Haas admitted to having taken LSD, Nelson said, adding a drug test showed cocaine and marijuana also in his system.

Haas was charged with public intoxication, resisting arrest and assault. He is currently residing in the Rutherford County Adult Detention Center on $1,500 bond and is set to appear Jan. 25 in General Sessions court.

Be careful who you tailgate

In an unrelated incident, another off-duty police officer reported an incident of road rage around 1 p.m. Saturday on Northwest Broad Street, according to an incident report filed with MPD.

MPD Officer Micheal Joyce was on his way to work in his personal vehicle when a red Dodge Ram was “closely following him and slamming on his brakes,” Sgt. B. Anderson wrote in an incident report.

Joyce told Anderson he was traveling eastbound on Broad Street near Sloan's Cycles when the driver of the truck cut him off. Joyce said he changed lanes and so did the truck, cutting him off again and slowing to around 20 MPH. Joyce said he tried to pass the truck several times but the truck “continued to change lanes in front of him,” Anderson reported.

Joyce then called dispatch to report the incident when the truck pulled into the parking lot of a convenience store.

“As both vehicles pulled into the (parking lot), Mr. Joyce advised the male driver of the Dodge truck exited his vehicle and approached Mr. Joyce's vehicle in an aggressive manner,” Anderson reported.

Joyce got out of his car and told the other driver he was a police officer and “to calm down,” according to the report.

The other man asked to see a badge.
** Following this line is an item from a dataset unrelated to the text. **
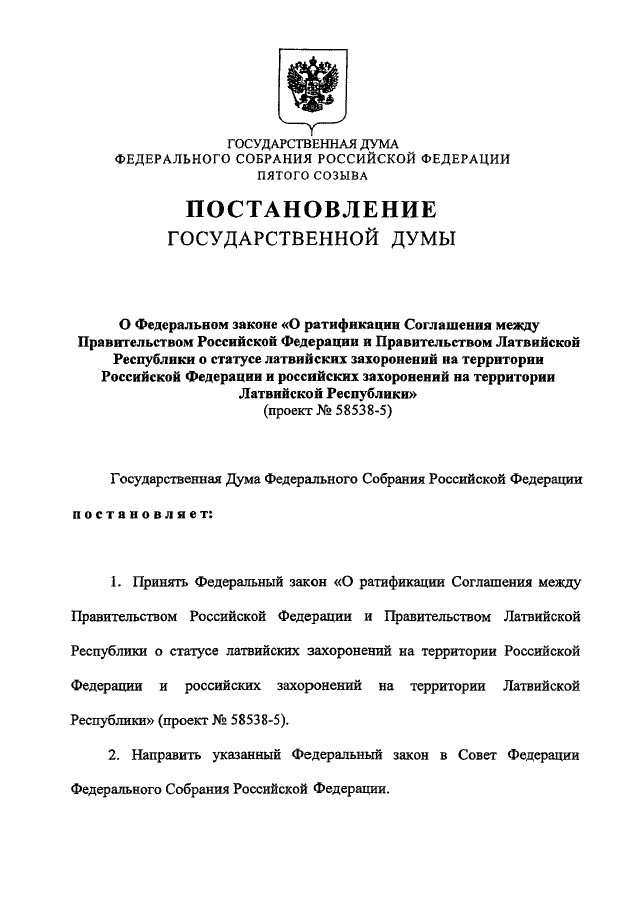 "О ФЕДЕРАЛЬНОМ ЗАКОНЕ "О РАТИФИКАЦИИ СОГЛАШЕНИЯ МЕЖДУ ПРАВИТЕЛЬСТВОМ РОССИЙСКОЙ ФЕДЕРАЦИИ И ПРАВИТЕЛЬСТВОМ ЛАТВИЙСКОЙ РЕСПУБЛИКИ О СТАТУСЕ ЛАТВИЙСКИХ ЗАХОРОНЕНИЙ НА ТЕРРИТОРИИ РОССИЙСКОЙ ФЕДЕРАЦИИ И РОССИЙСКИХ ЗАХОРОНЕНИЙ НА ТЕРРИТОРИИ ЛАТВИЙСКОЙ РЕСПУБЛИКИ" (ПРОЕКТ N 58538-5)"

Joyce compiled, as best as he could, and showed the man an MPD uniform shirt.

The man backed down and went back to his truck where a female passenger began to argue with him as well.

After officers arrived, Anderson said the driver of the truck said Joyce was the first to cut him off and he pulled into the parking lot to “get away from Mr. Joyce but he followed.”

No charges were filed because a primary aggressor could not be determined, Anderson said.